We are trying to spread that message and not put the whole burden on a local Christian pastor. If someone is going to be angry, they will be angry with me, they will not be angry with a pastor. But because these are short videos that can be shared, they can be injected where I think a lot of this battle is being fought. There is not going to be a fight on Sunday morning, because again, pastors will be too disincentive to preach on this. There is fighting on social media and on social media, between someone in the church who is willing to share information about the vaccine that counteracts the mark of the scary beast or that there is a tracking chip, or this is a form of government control, and so on. It’s the extreme anti-vaccines that really get a lot of hype, but I think there is a large percentage of evangelicals that can still move, and they are increasingly mobile, because of what they are seeing with Delta and the rising rates. .

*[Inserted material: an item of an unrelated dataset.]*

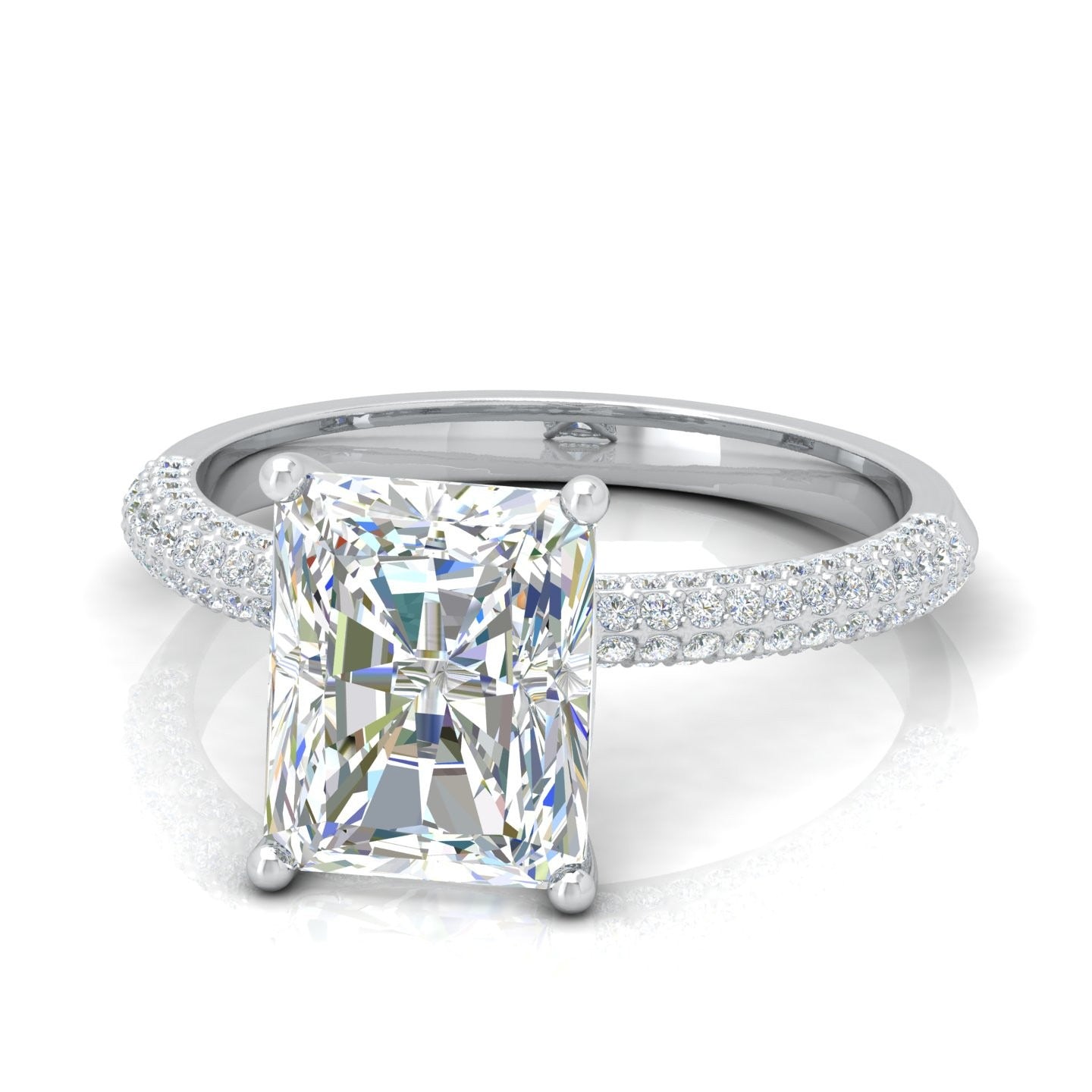 Celebrate your love with this stunning 2.00 carat lab-grown radiant diamond engagement ring in platinum. Featuring a flawless D color and VS clarity, the radiant center stone dazzles with exceptional brilliance. Three rows of side diamonds enhance its sparkle, creating a luxurious and sophisticated design. Ethically crafted and timeless, this ring is the perfect symbol of your commitment and devotion.

On coercion tactics to convince the unvaccinated: I understand that people are frustrated, that they are losing their patience, that they just want to do things by mandate and stop trying to persuade these people. I think it’s myopic, for a couple of reasons. One, if you just resort to sheer coercion, you just confirm the narrative that they’re trying to get us, that they’re shoving things down our throats. It’s just laying the groundwork for a deepening divide. The second reason is that you must realize that we are still in the first or second entry in the reach of vaccines globally. You must realize that parts of Africa and Asia are heavily influenced by Christian culture. A country like Uganda is like 90 percent Christian. Those churches, those places in Africa, actually take their cultural cues largely from American evangelicals, especially leading white evangelical voices. So America, unfortunately, through evangelical culture, is exporting its vacillation vacillation. Many of the same conspiracy theories, doubts and fears that we have been wrestling with here, we are definitely seeing emerge and replicate in the rest of the world. Changing American culture is not just about getting more American evangelicals vaccinated, it will be critical to getting the rest of the world vaccinated. And ultimately, for all of us, if we don’t vaccinate everyone, we are all at risk.

On the next phase of the pandemic: What will be really important for Christians is to convey to other Christians that it is okay to change your mind. The Christian virtues of grace and acceptance will be paramount here because people will resist even more if they think that by changing their minds they will be ashamed.